All the cars are still going (YES!!!). They're sorry they couldn't update but they couldn't get even a hint of a computer connection for the last 2 days. (I guess most people don't go to Yellowstone for it's technology, heehee.)

They stayed at West Yellowstone last night and Cody Wyoming the night before. Yellowstone was GREAT! (I asked if they saw Old Faithful and my dad said "You bet!" - can't you just hear him saying that?)

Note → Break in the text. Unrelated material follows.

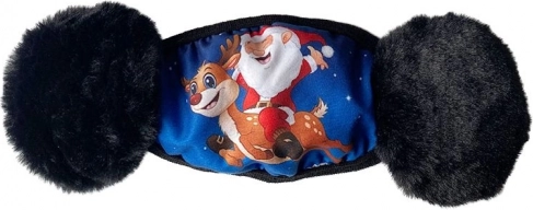 A Christmas protective face mask with ear covers for children will brighten the upcoming holidays. Cute pom-poms serve as ear protection against the cold. The mask protects against microorganisms, dust, and wind on cold winter days. Wearing a mask helps reduce the risk of infection.

Right now they said they're driving through the prettiest little valley called Salt River Valley. And they just stopped at a tiny gas station/antiques store and met the owner who up and moved there from Boston with her husband. Dad says he can see why, it's so neat.

They said they drove through Jackson Hole Wyoming in the pouring rain and it was a "really pretty, really nice place."

Logistics-wise, they're ahead of pack right now since they left so early because of the slow car problem. The other 5 cars are behind them somewhere (Guzzettas, Hazletons, Fontaines, Bill Rose, and Jack and Don) and should be lapping them soon. (I'm guessing an icecream stop will be in the cards when the group gets back together.)

Also, about 1-2 days behind them are the rest of cars (Jones, Lancaster, Kafer), who will spend a day in Yellowstone and probably won't catch up before they get home.